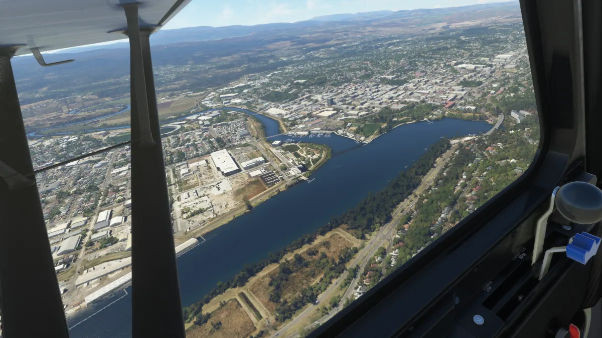 Desde allí nos dirigimos al destino para realizar la aproximación mediante viento en cola del circuito a izquierda para aterrizar en la pista 32L del aeropuerto Launceston (YMLT) Australia.
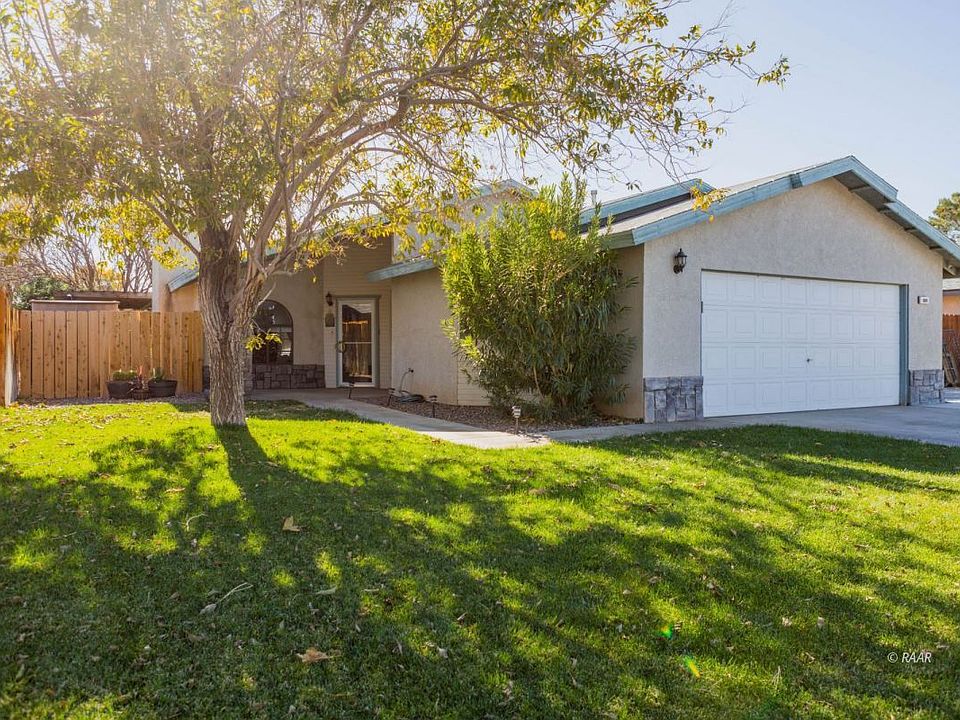Charming 3 bed, 2 bath home w/ desirable open floor plan & DUAL cooling. Living room off the front entry w/ beautiful wood flooring, vaulted ceiling, cozy fireplace & french door back patio access. Generous kitchen overlooks the dining nook & features updated granite countertops, stainless steel appliances, plenty of storage space, recessed lighted and tile flooring. The master suite provides back patio access, spacious walk-in, vaulted ceiling & a beautifully updated bath w/ large vanity and private toilet/shower space. There are 2 nicely sized guest bedrooms in the home w/ carpeting and ample closet space. The guest bath has also been updated w/ tile flooring, new vanity & plumbing/lighting fixtures. Additional features of the home include: built-in hallway storage and great covered back patio space, mature trees & storage shed in the backyard. The water heater, furnace & evaporative cooler were replaced and AC was installed in January 2018.
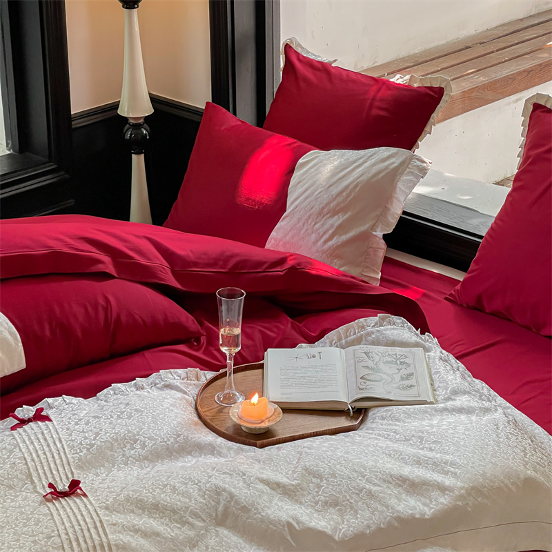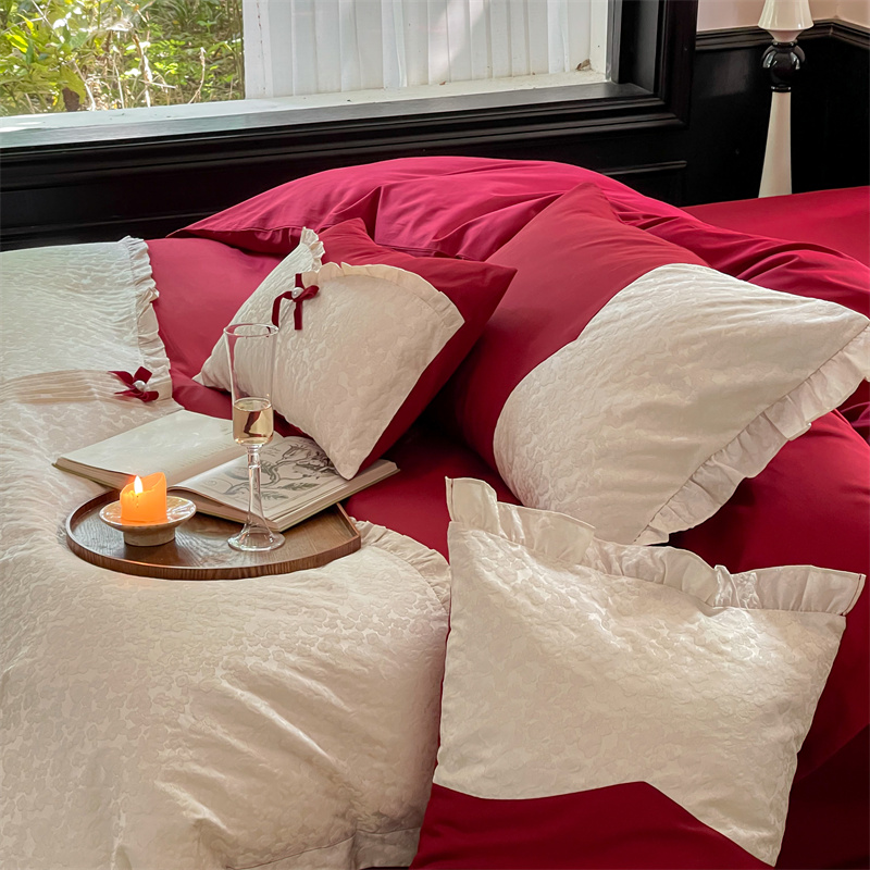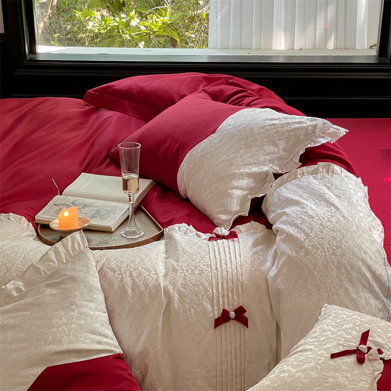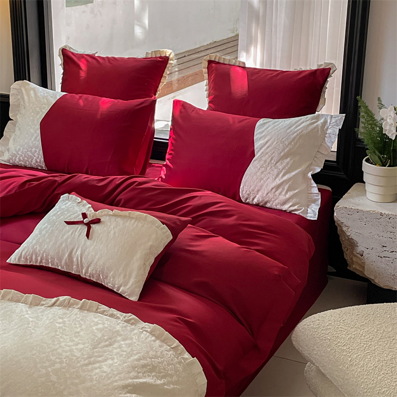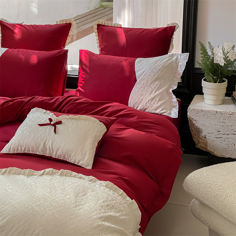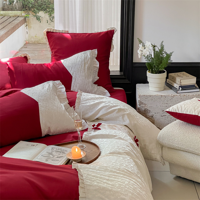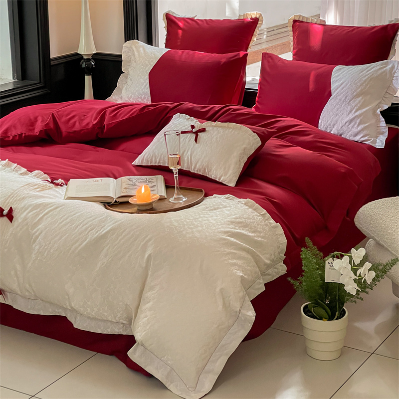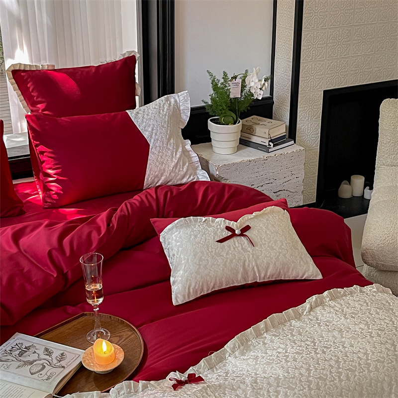 (总)优然居家纺 2025春夏新款木耳边喜字蝴蝶结小爱心复古红四件套-小欢喜,小欢喜

::::::::::

**Exercise brief:** Return the material as it stands. Leave out the pictures.

**Solution for this task:**
 Desde allí nos dirigimos al destino para realizar la aproximación mediante viento en cola del circuito a izquierda para aterrizar en la pista 32L del aeropuerto Launceston (YMLT) Australia.
Charming 3 bed, 2 bath home w/ desirable open floor plan & DUAL cooling. Living room off the front entry w/ beautiful wood flooring, vaulted ceiling, cozy fireplace & french door back patio access. Generous kitchen overlooks the dining nook & features updated granite countertops, stainless steel appliances, plenty of storage space, recessed lighted and tile flooring. The master suite provides back patio access, spacious walk-in, vaulted ceiling & a beautifully updated bath w/ large vanity and private toilet/shower space. There are 2 nicely sized guest bedrooms in the home w/ carpeting and ample closet space. The guest bath has also been updated w/ tile flooring, new vanity & plumbing/lighting fixtures. Additional features of the home include: built-in hallway storage and great covered back patio space, mature trees & storage shed in the backyard. The water heater, furnace & evaporative cooler were replaced and AC was installed in January 2018.
 (总)优然居家纺 2025春夏新款木耳边喜字蝴蝶结小爱心复古红四件套-小欢喜,小欢喜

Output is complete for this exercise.